The story: Leonardo DiCaprio is Cobb, a “dream extractor” whose job it is to invade people’s dreams, extract information and take control of it. We first see Cobb, along with his right-hand man Arthur (a brilliantly solemn Joseph Gordon-Levitt) trying to retrieve a secret from Asian businessman Saito (Ken Watanabe) during an audition for a job. The duo work their way through the mission, encountering obstacles including the unstable environment around them: Saito’s collapsing dream (literally), and the memory/subconscious of Cobb’s wife, Mal (Marion Cotillard), who shows up as saboteur to Cobb’s missions; we soon learn that Mal’s lingering presence is the result of Cobb’s guilt after his wife’s suicide. This is where audiences are first introduced to the multi-layered world of the film’s dreamscapes.
Saito then offers Cobb a huge sum of money to “incept” the dreams of the scion (Cillian Murphy) of a brutal but dying British billionaire. The Asian wants Cobb to plant the idea that the heir must break up his father’s powerful multi-pronged business, a notion that runs counter to the heir’s best interest. And with the help of Arthur and spunky new “dream architect” Ariadne (the always droll Ellen Page) [you don’t suppose the landscapes, cities and characters in dreams build themselves, do you?], Cobb must soon begin his latest inception, lest the brutal memory of Mal leads him astray.
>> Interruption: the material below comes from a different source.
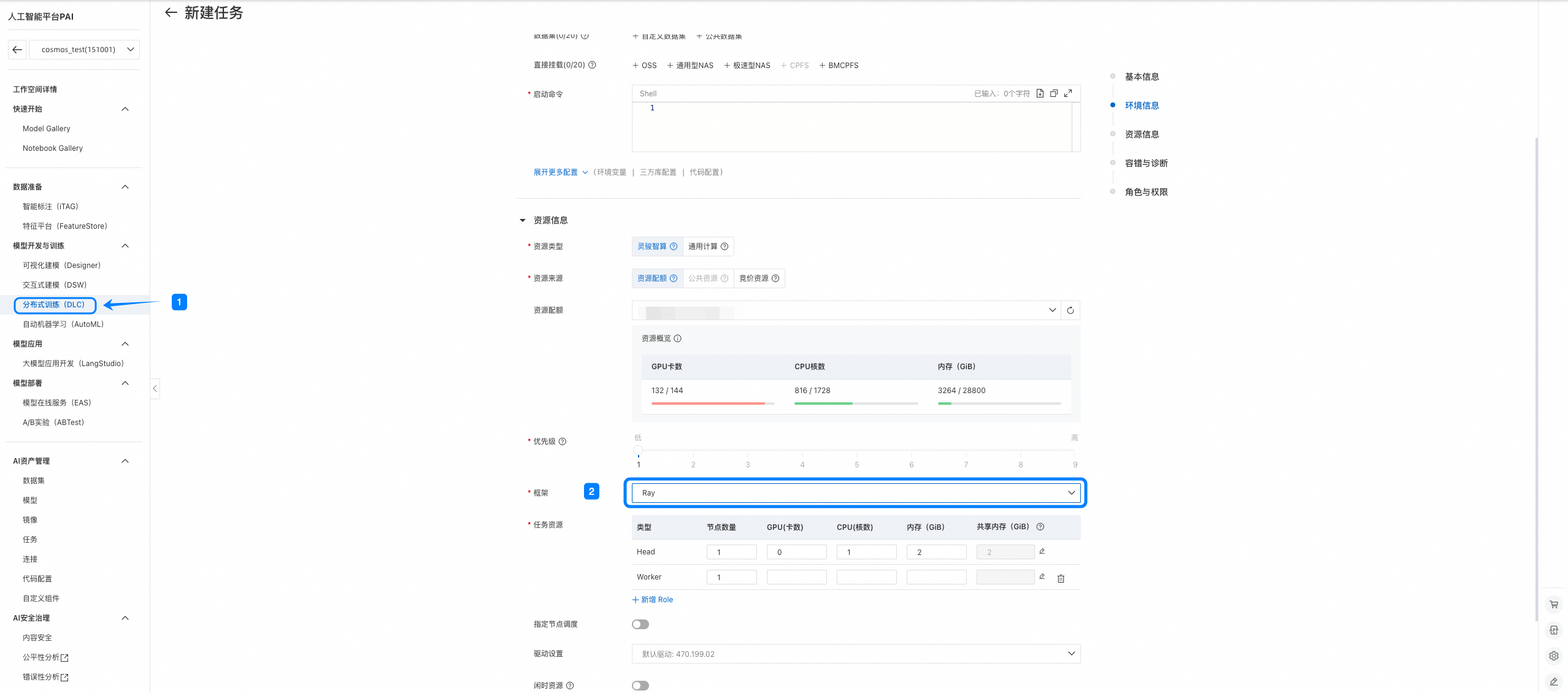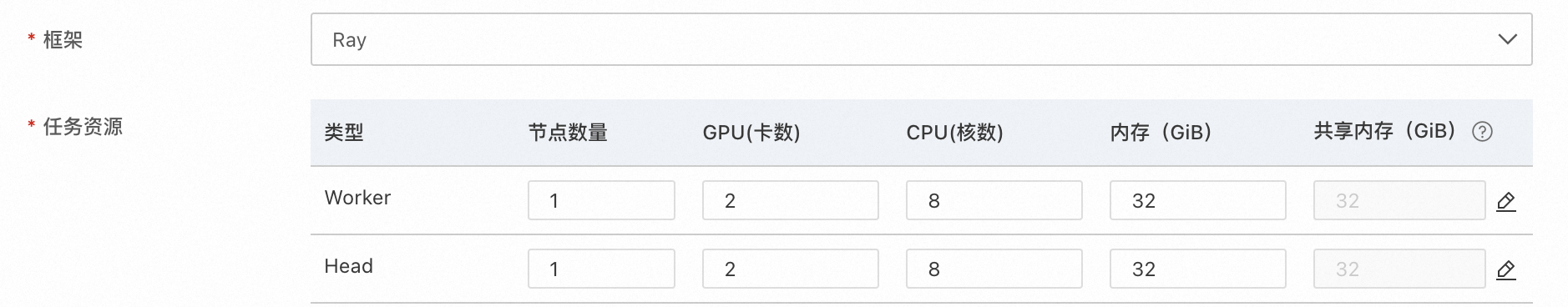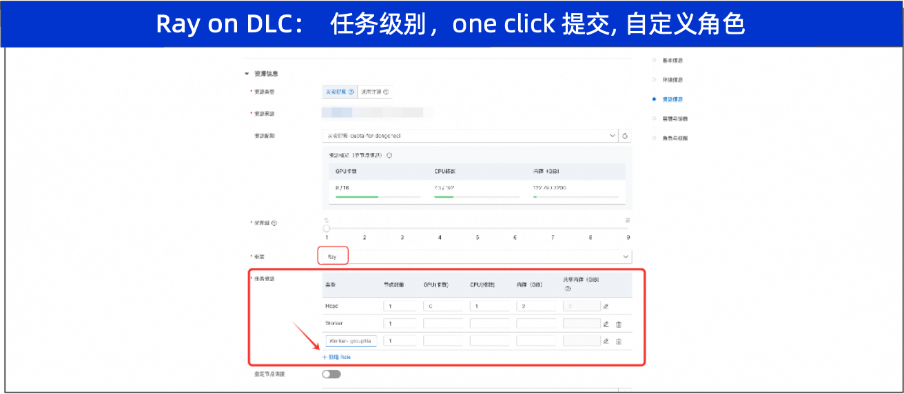 选择 Ray 框架,并配置 head 和 worker 资源
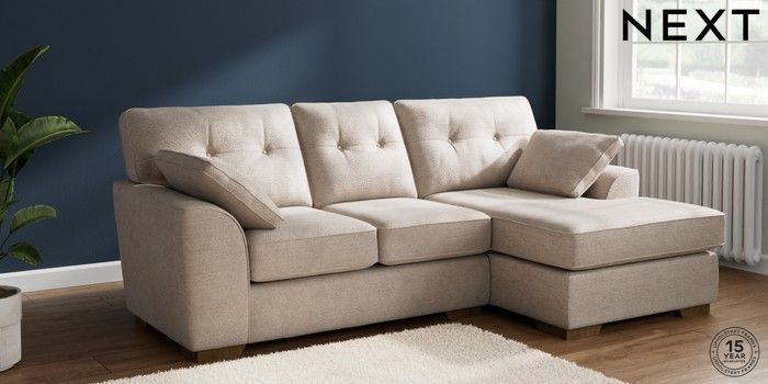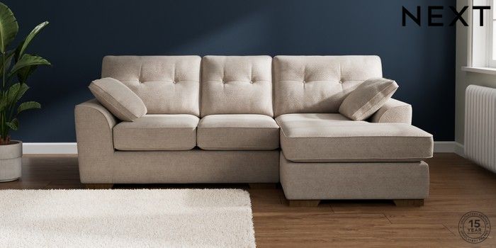 7.2.10 Stamford Buttoned Back Small Sofa Chaise - Right Hand Boucle Chenille Light Natural Large Square Angle - Mid | Made Click here to use our website with more accessibility support, for example screen readers

The film keeps on going deeper and deeper into the different inception levels and their complexities (real-time apparently slows down exponentially the deeper you go. A minute in the real world is an hour in the dream—or a week in the next lower level—or a month in the level below that), it is amazing how Nolan manages to keep track of the whole she-bang and lure viewers further and further into his magnificent vision. He does so by cross-cutting the different action sequences in several layers of dreams (kudos to editor Lee Smith for that), and by creating towering and futuristic set pieces (especially noteworthy are the scenes where Ariadne literally folds the city in half, and the final, Matrix-esque action sequences where Arthur fights against a bunch of Agent Smith-like baddies in mid-gravity); the result is a mind-boggling and supremely entertaining movie experience that will linger in your memory long after you walk out of the cinema. This is a groundbreaking motion picture in more ways than one, and one of the most important to come out of Hollywood in the past decade.